-- Opening Marker --

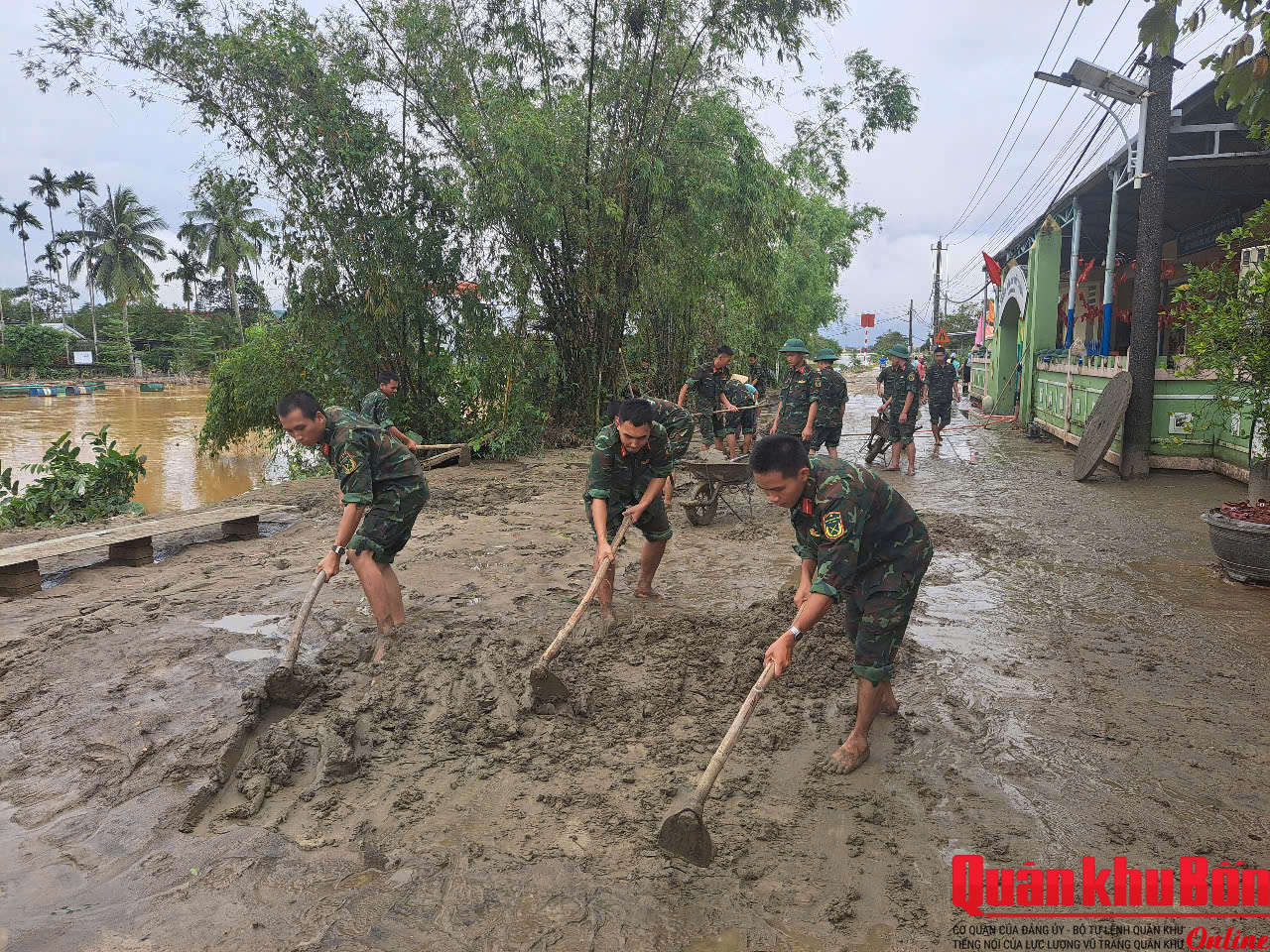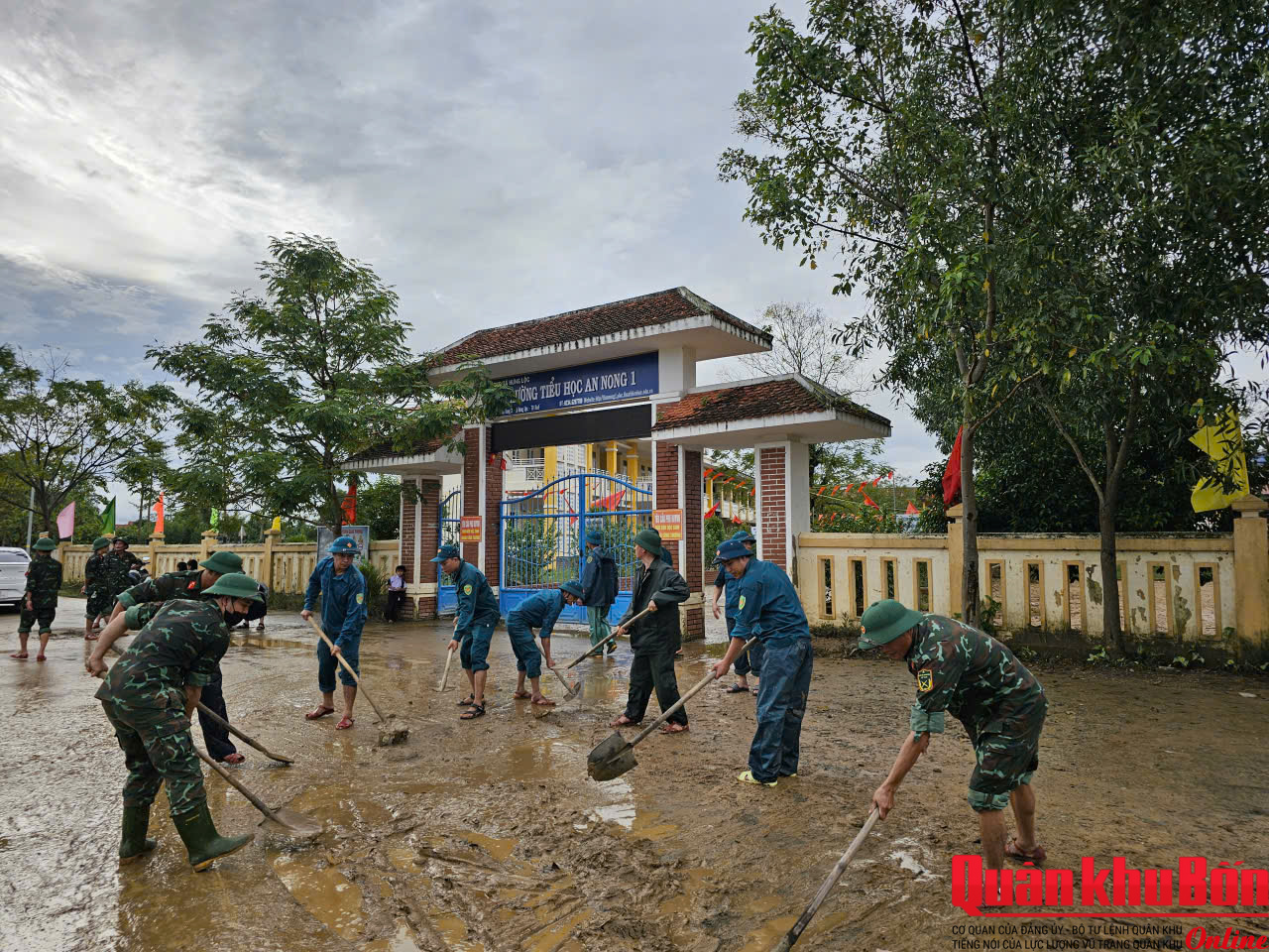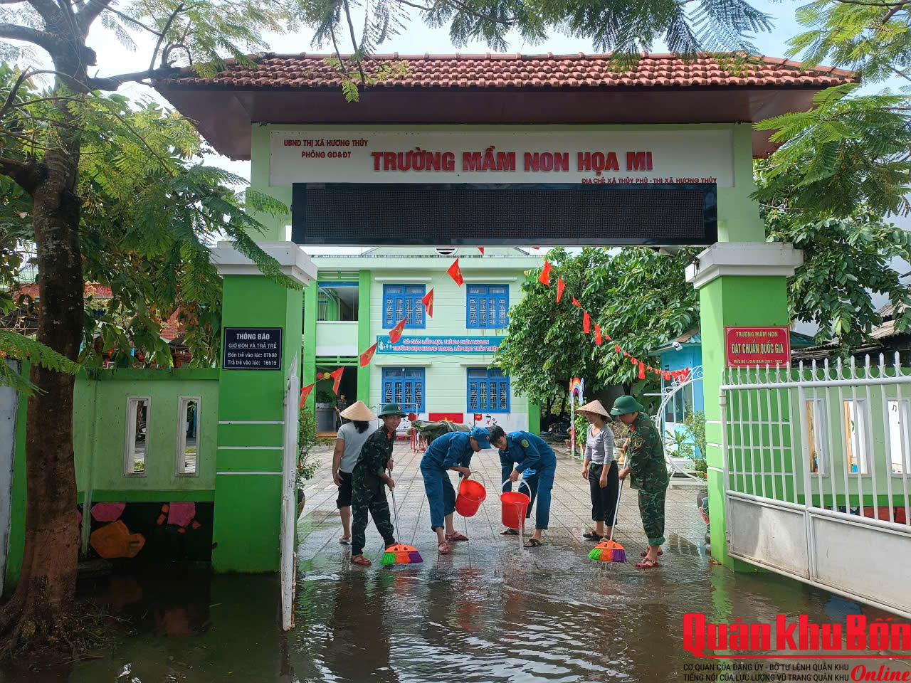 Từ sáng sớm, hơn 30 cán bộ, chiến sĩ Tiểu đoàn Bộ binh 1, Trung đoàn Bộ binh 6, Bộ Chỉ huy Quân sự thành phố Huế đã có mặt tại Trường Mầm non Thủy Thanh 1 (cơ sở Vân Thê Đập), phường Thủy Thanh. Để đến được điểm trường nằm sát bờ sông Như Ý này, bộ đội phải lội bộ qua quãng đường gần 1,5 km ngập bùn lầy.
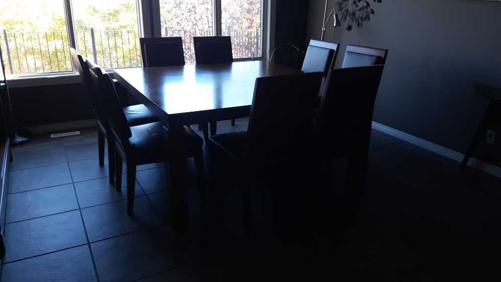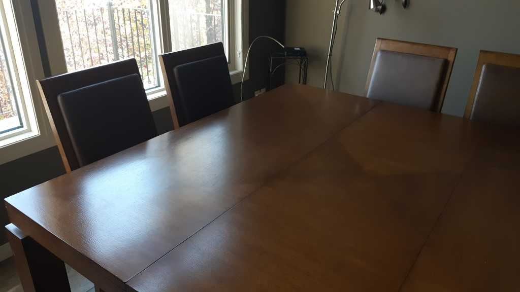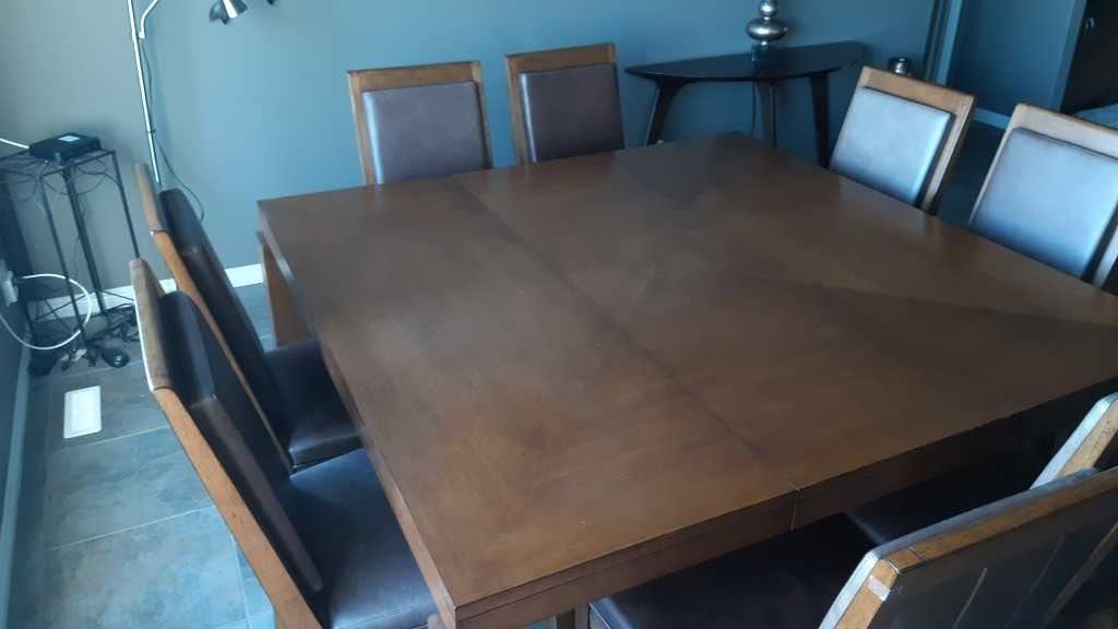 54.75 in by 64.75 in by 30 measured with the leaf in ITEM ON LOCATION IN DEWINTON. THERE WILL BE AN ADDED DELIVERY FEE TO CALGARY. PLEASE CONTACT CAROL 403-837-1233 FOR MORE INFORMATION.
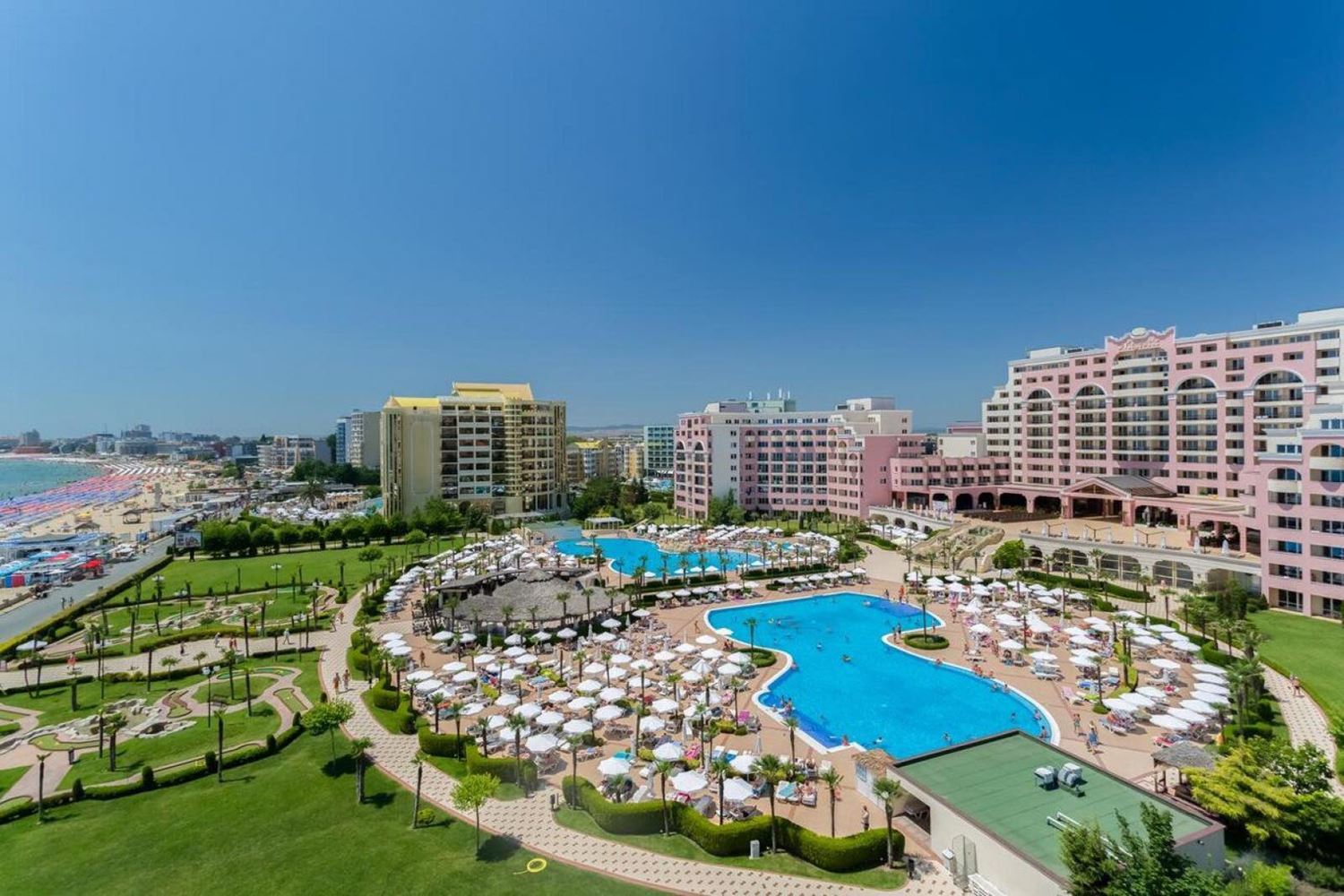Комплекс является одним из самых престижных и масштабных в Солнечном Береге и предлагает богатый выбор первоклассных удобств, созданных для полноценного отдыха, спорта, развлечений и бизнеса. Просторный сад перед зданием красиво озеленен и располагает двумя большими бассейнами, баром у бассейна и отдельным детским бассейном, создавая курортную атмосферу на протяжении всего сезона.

-- Closing Marker --

_Assigned task_:
Restate, line by line and word for word, everything from the top of the material through the line that contains "54.75 in by". Leave pictures out.

_Result for this exercise_:
 Từ sáng sớm, hơn 30 cán bộ, chiến sĩ Tiểu đoàn Bộ binh 1, Trung đoàn Bộ binh 6, Bộ Chỉ huy Quân sự thành phố Huế đã có mặt tại Trường Mầm non Thủy Thanh 1 (cơ sở Vân Thê Đập), phường Thủy Thanh. Để đến được điểm trường nằm sát bờ sông Như Ý này, bộ đội phải lội bộ qua quãng đường gần 1,5 km ngập bùn lầy.
 54.75 in by 64.75 in by 30 measured with the leaf in ITEM ON LOCATION IN DEWINTON. THERE WILL BE AN ADDED DELIVERY FEE TO CALGARY. PLEASE CONTACT CAROL 403-837-1233 FOR MORE INFORMATION.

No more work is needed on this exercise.